Mas, em contrário. — Nenhuma virtude aperfeiçoadora do intelecto tem por objeto o falso, enquanto é este um mal do intelecto, como está claro no Filósofo. Ora, é a fé uma virtude, que aperfeiçoa o intelecto, conforme a seguir se demonstrará. Logo, não é suscetível de falsidade.
SOLUÇÃO. — Todo objeto de uma potência, de um hábito ou mesmo de um ato, só o é mediante a sua razão formal. Assim, a cor não pode ser vista senão pela luz; e uma conclusão não pode ser conhecida senão mediante a demonstração. Ora, como já se disse, é a razão formal do objeto da fé a verdade primeira. Logo, ela nada pode alcançar senão enquanto dependente da verdade primeira, que não é suscetível de nenhuma falsidade, assim como o ser não inclui o não ser nem o bem, o mal. Donde se conclui que a fé não é suscetível de nenhuma falsidade.
DONDE A RESPOSTA À PRIMEIRA OBJEÇÃO. — Sendo a verdade o bem do intelecto e não, da potência apetitiva, todas as virtudes, que aperfeiçoam o intelecto, excluem totalmente a falsidade; pois, é da essência da virtude só referir-se ao bem. Ao contrário, as virtudes que aperfeiçoam a parte apetitiva não excluem totalmente o falso; assim, podemos agir segundo a justiça ou a temperança, tendo falsa opinião do objeto do nosso ato. Por onde, como a fé aperfeiçoa o intelecto, e a esperança e a caridade, a parte apetitiva, não é o mesmo o caso entre elas. — E, contudo, nem a esperança é suscetível de falsidade. Pois, ninguém espera conseguir a vida eterna por suas próprias forças, o que seria presunção, mas, com o auxílio da graça, perseverando na qual, alcançará infalivelmente essa vida. — Semelhantemente, à caridade pertence amar a Deus, onde quer que esteja Ele.

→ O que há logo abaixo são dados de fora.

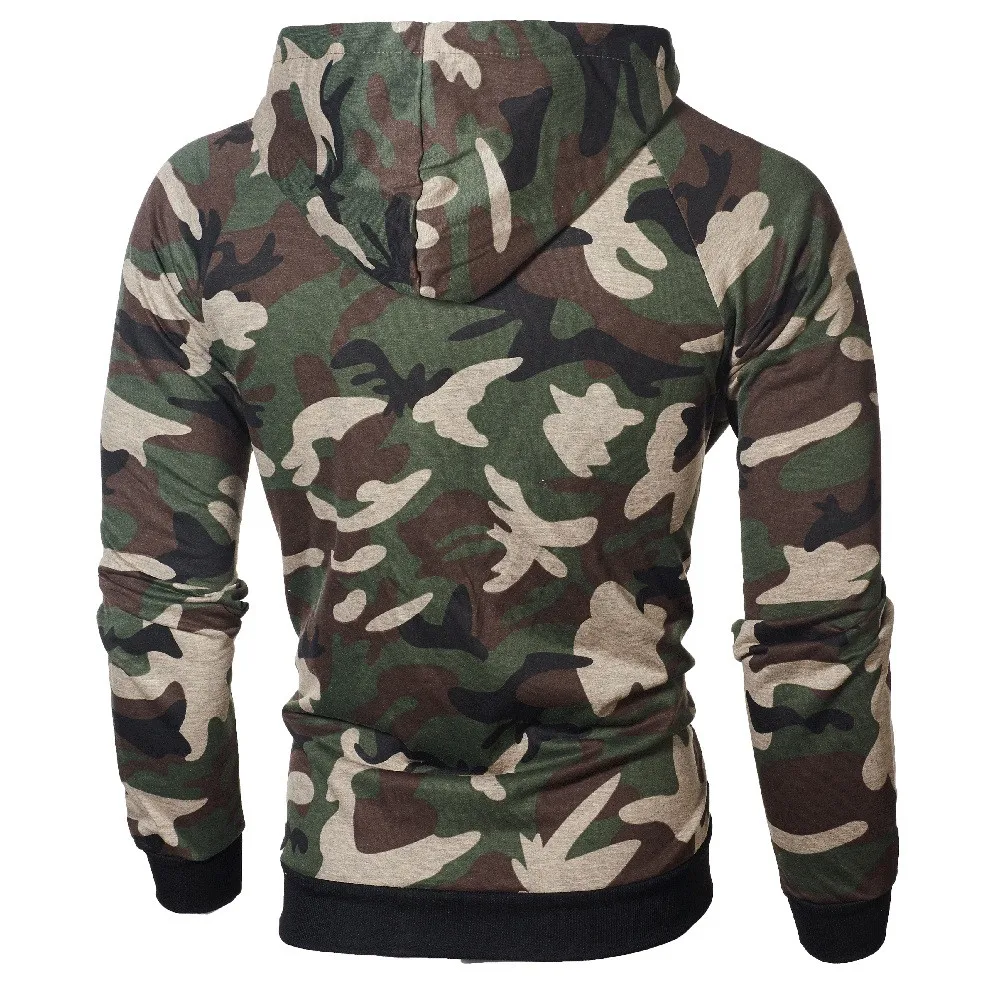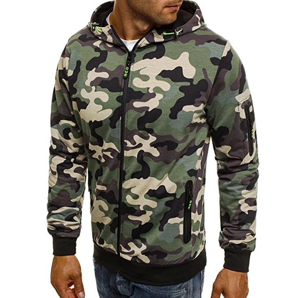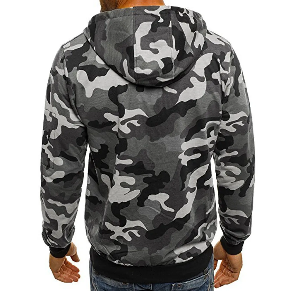 FeiTong Sweatshirts Mens Camouflage Zipper Pullover Casual Male Drawstring Pocket Long Sleeve Hooded Sweatshirt Pullover Hoodie

Por isso não importa, para a caridade, que Deus esteja ou não em quem é amado por causa dele.
RESPOSTA À SEGUNDA. — A não encarnação de Deus, em si mesma considerada, era possível, mesmo depois do tempo de Abraão. Mas, enquanto objeto da presciência divina, ela tem uma certa e infalível necessidade, como se demonstrou na Primeira Parte. E, deste modo, é objeto da fé. Portanto, como tal, não é suscetível de falsidade.
RESPOSTA À TERCEIRA. — À fé do crente pertenceria crer, depois da natividade de Cristo, que ele havia de nascer um dia. Mas a delimitação do tempo, em que se enganava, não procederia da fé, mas da conjectura humana. Pois é possível, por conjectura humana, o fiel cair em alguma falsidade. Mas é impossível, em virtude da fé, afirmar qualquer falsidade.
RESPOSTA À QUARTA. — A fé do crente não se refere a estas ou aquelas espécies de pão; mas a que o verdadeiro corpo de Cristo está sob as espécies do pão sensível, quando convenientemente consagrado; nem por isso conterá a fé qualquer falsidade.